Он болтал еще что-то и потом побежал догонять свой автомобиль.
«Этот человек находится тоже под общим гипнозом», — подумал я.
В это время с боковой дороги показалась пехота; она шла густой массой, такая же грозная и решительная, как вчера, но у солдат был усталый вид, и шаги отбивались не так твердо и ритмично. Некоторые из проходивших мимо производили тяжелое впечатление. Лица их были бледны, губы посинели и обветрились. Вокруг глаз лежала темная полоса, щеки провалились, но глаза всех, кого я мог видеть, и бодрых и усталых, устремлялись вперед и горели каким-то лихорадочным огнем.

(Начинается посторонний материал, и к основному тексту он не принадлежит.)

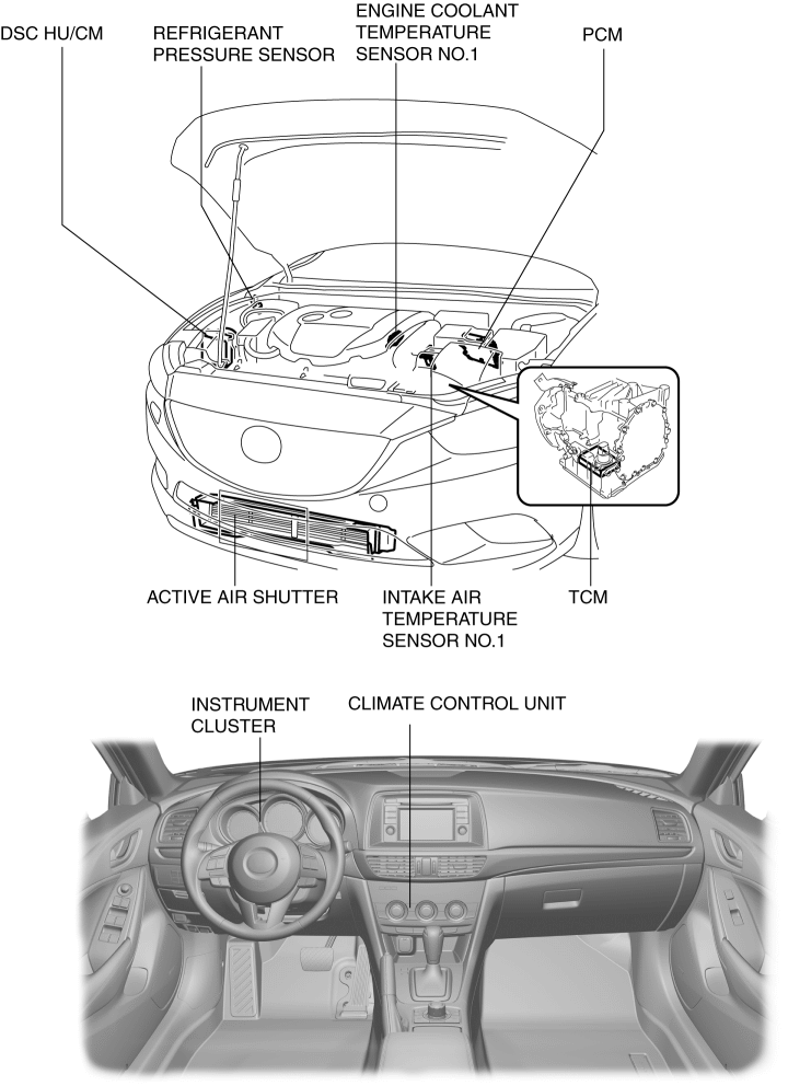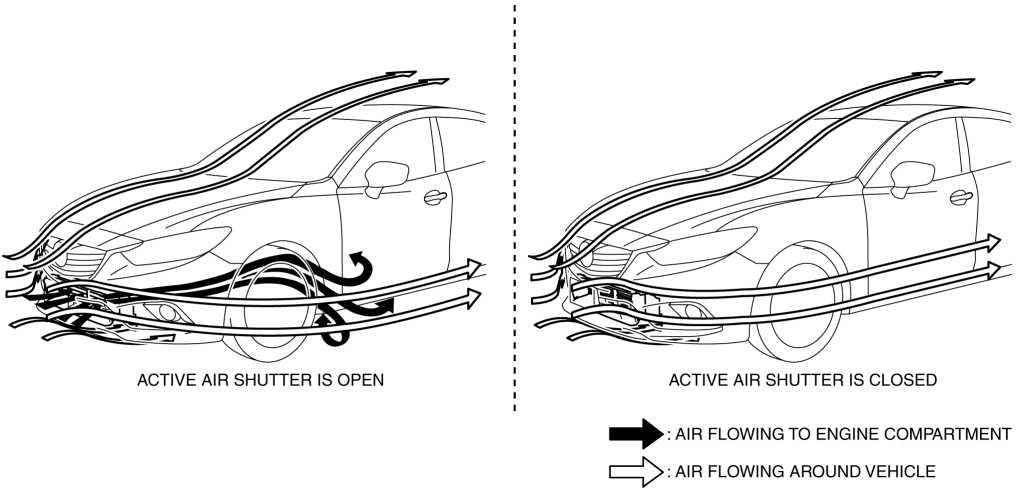 The active air shutter opens/closes the shutter according to the request signal from the PCM.

Мне эта масса напомнила одну картину, которую я видел в Париже на выставке: крестоносцы, шествующие по пустыне и страдающие от жажды и голода, но видящие перед собою пленительный мираж — освобождение гроба господня. Нужно думать, что проходящим здесь мерещились впереди открытые Ворота.
Я услышал завывание сирен. Целый поезд автомобилей с красными крестами несся навстречу войскам. Когда он был около палаток лазарета, санитары окружили кареты и стали извлекать носилки с распростертыми на них солдатами; зрелище было весьма печальное, но проходившие мимо, по-видимому, были очень мало тронуты им. Возможно, они думали, что это не настоящие больные.
Я боялся мешать врачам и вошел в палатку только через час, когда смятение несколько улеглось.
Левенберг сидел за столом и что-то писал. Увидев меня, он на минуту оторвался от бумаги.
— Произошло нечто непредвиденное. Переутомление или жара, а, может быть, и то и другое вместе, повлияли особенно сильно на людей некоторых разрядов. Из всех прибывших больных большинство принадлежит к разрядам 170-му и 178-му. Паралич сердца, разрывы сосудов периферических и более глубоких. Апоплексия, паралич и смерть.
Левенберг опять уткнулся в бумагу.
— Пишу донесение, простите, некогда.
Я увидел одного из докторов, который забежал в палатку, что-то захватил с собой и намеревался уходить. Я спросил разрешения последовать за ним, чтобы посмотреть больных.
Он отвечал:
— Я иду к заболевшему доктору; бедняга в тяжелом положении, сейчас привезли с фронта.
На складной кровати лежал бледный человек с закрытыми глазами; руки его безжизненно свесились на пол, и тяжелое, клокочущее дыхание было очень частым. Из полуоткрытого рта выдавались белые большие зубы. Куртка и рубашка были расстегнуты, и на груди виднелись багровые пятна подкожных кровоизлияний. Доктор опустился рядом с ним на колени и пощупал пульс.
— Сердце едва работает, — сказал он.
Я заметил номер умирающего — разряд 175-й, — и вдруг мне показалось, что я знаю это лицо. Я всмотрелся. Конечно, это был доктор, которого я видел в госпитале, когда впервые проснулся в Долине Новой Жизни. В мозгу у меня сейчас же встали его слова: «Я буду еще долго жить».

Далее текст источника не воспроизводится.